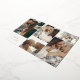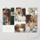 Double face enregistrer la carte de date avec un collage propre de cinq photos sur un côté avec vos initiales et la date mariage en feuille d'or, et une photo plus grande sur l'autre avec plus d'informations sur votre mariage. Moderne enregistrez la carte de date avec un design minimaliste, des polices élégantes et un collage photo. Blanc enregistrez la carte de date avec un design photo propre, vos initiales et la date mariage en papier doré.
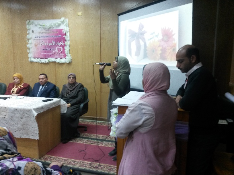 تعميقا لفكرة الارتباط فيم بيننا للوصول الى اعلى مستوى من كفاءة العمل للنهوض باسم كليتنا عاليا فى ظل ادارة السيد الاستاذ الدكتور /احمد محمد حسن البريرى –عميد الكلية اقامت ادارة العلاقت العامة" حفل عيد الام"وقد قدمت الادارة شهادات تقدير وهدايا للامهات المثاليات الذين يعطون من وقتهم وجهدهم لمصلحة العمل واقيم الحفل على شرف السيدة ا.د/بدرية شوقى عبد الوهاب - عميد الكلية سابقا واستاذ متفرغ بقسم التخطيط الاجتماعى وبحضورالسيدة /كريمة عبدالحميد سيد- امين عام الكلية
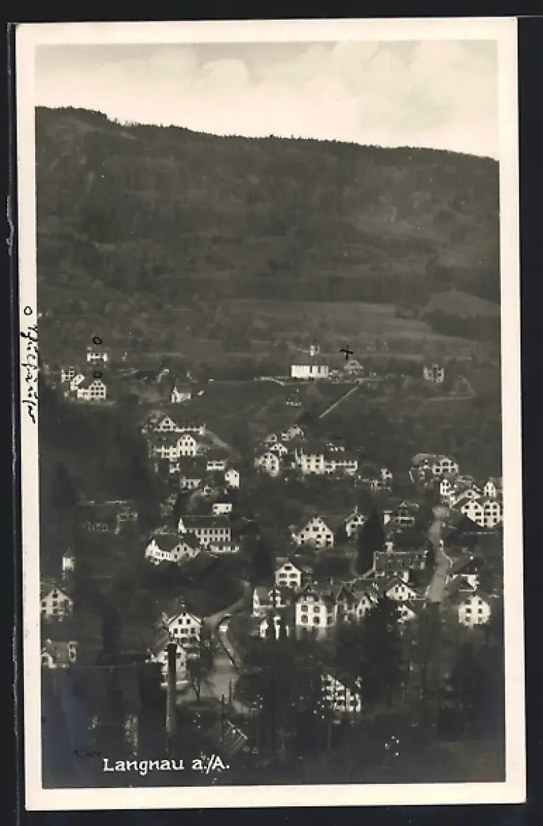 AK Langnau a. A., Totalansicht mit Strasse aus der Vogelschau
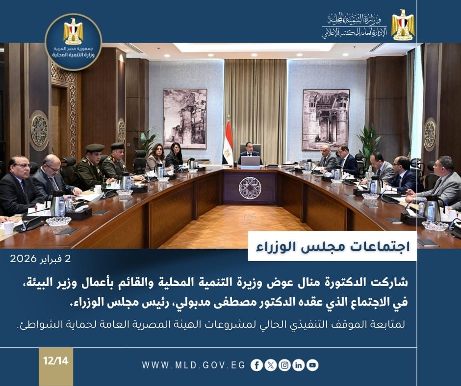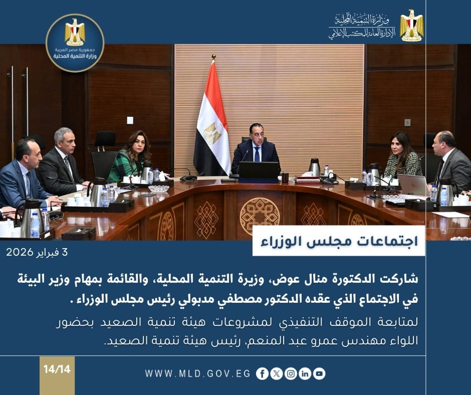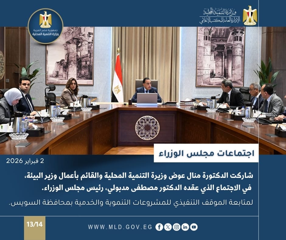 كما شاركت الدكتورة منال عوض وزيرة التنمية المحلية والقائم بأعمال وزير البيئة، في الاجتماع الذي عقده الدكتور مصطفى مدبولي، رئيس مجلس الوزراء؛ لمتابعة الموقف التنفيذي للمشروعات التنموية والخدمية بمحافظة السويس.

---

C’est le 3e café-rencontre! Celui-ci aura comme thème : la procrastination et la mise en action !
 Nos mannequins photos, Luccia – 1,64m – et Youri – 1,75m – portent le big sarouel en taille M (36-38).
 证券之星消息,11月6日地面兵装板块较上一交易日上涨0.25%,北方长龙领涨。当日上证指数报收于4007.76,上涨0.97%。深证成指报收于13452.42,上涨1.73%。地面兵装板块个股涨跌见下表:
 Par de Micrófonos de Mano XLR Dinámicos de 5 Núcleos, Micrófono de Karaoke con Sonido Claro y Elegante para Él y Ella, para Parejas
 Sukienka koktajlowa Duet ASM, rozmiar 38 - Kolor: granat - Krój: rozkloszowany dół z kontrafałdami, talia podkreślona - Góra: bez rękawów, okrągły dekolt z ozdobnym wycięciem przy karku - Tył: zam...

▶ Work task
Look above for the line with "AK Langnau a." and the line with "كما شاركت الدكتورة", then restate exactly those two lines and all lines between them, with no pictures.

▶ Answer to the problem
 AK Langnau a. A., Totalansicht mit Strasse aus der Vogelschau
 كما شاركت الدكتورة منال عوض وزيرة التنمية المحلية والقائم بأعمال وزير البيئة، في الاجتماع الذي عقده الدكتور مصطفى مدبولي، رئيس مجلس الوزراء؛ لمتابعة الموقف التنفيذي للمشروعات التنموية والخدمية بمحافظة السويس.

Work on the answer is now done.